Novel Fe3O4 nanoparticles-based DGT device for dissolved reactive phosphate measurement

Abstract

An aqueous suspension of iron oxide nanoparticles (Fe₃O₄ NPs) was prepared as a novel liquid binding phase in a diffusive gradients in thin-films (DGT) device (Fe₃O₄-DGT) combined with inductively coupled plasma optical emission spectrophotometry (ICP-OES) for the sampling measurement of dissolved reactive phosphate (DRP) in water. The DGT uptake of DRP increased linearly with deployment time, relying on the superior binding efficiency of Fe₃O₄ NPs toward phosphate.

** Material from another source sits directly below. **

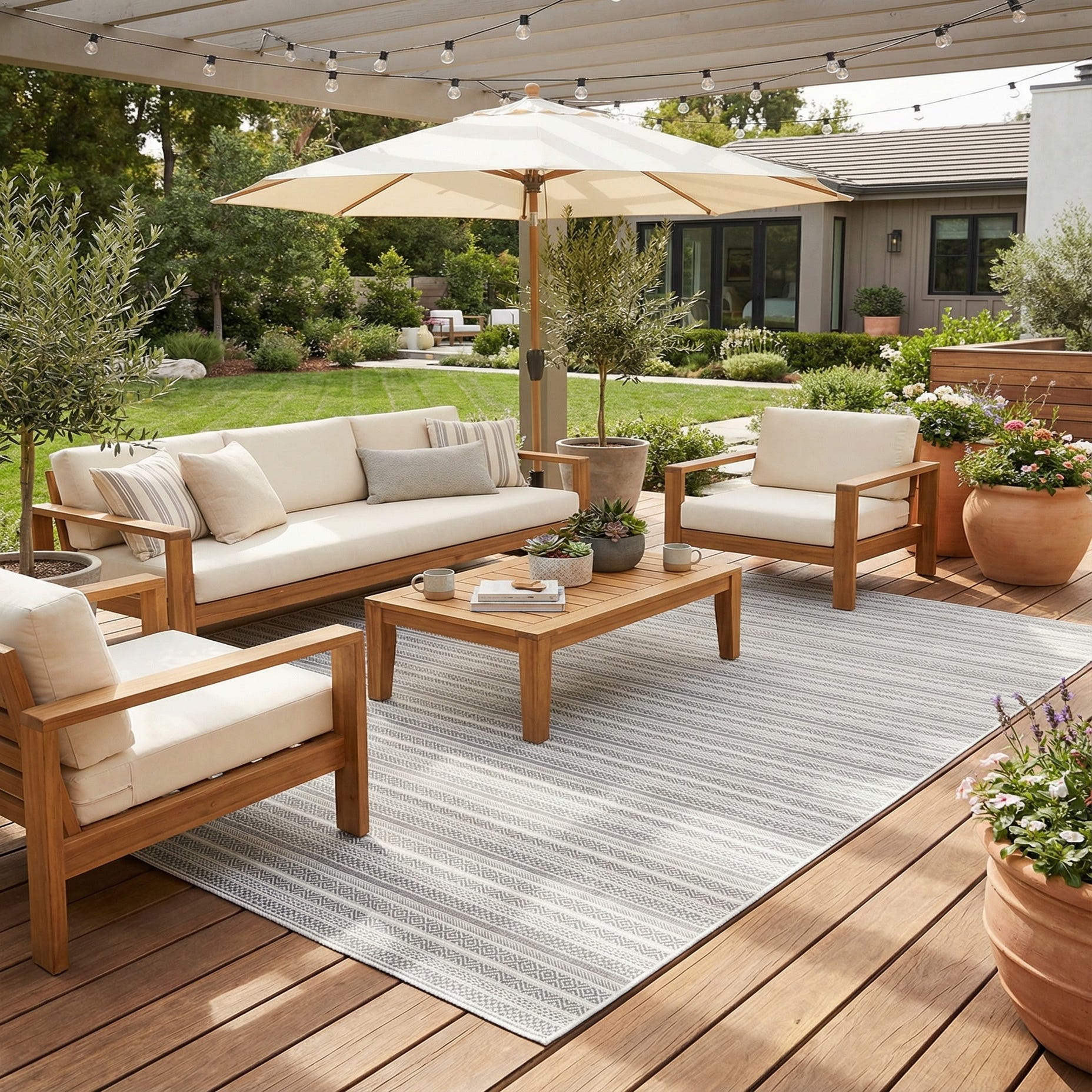 This rug works well where you want a neutral foundation with visual interest — under a dining table, on a covered patio, or layered in a casual living room. It complements coastal, modern farmhouse, and contemporary minimalist interiors, and pairs nicely with rattan seating, light wood tones, or black metal accents for a cohesive look.

The adsorption mechanism of DRP on Fe₃O₄ NPs was illustrated through FT-IR and XPS. Various factors in the Fe₃O₄-DGT performance for the sampling of DRP were taken into account, including the initial concentration of phosphate, deployment time, pH value, ionic strength, interference from major competitor ions and the aging effect of the liquid binding phase. In the present study, the effective capacity of the Fe₃O₄-DGT device toward DRP was approximately 105 μg of phosphate per device (15.4 μg P cm⁻²). Compared with the phosphomolybdenum blue (PMB) method, successful field deployments of Fe₃O₄-DGTs samplers in the Nanfei River indicated that a basic Fe₃O₄-DGT coupled with the ICP-OES method was suitable for long-term monitoring of the DRP concentration in situ.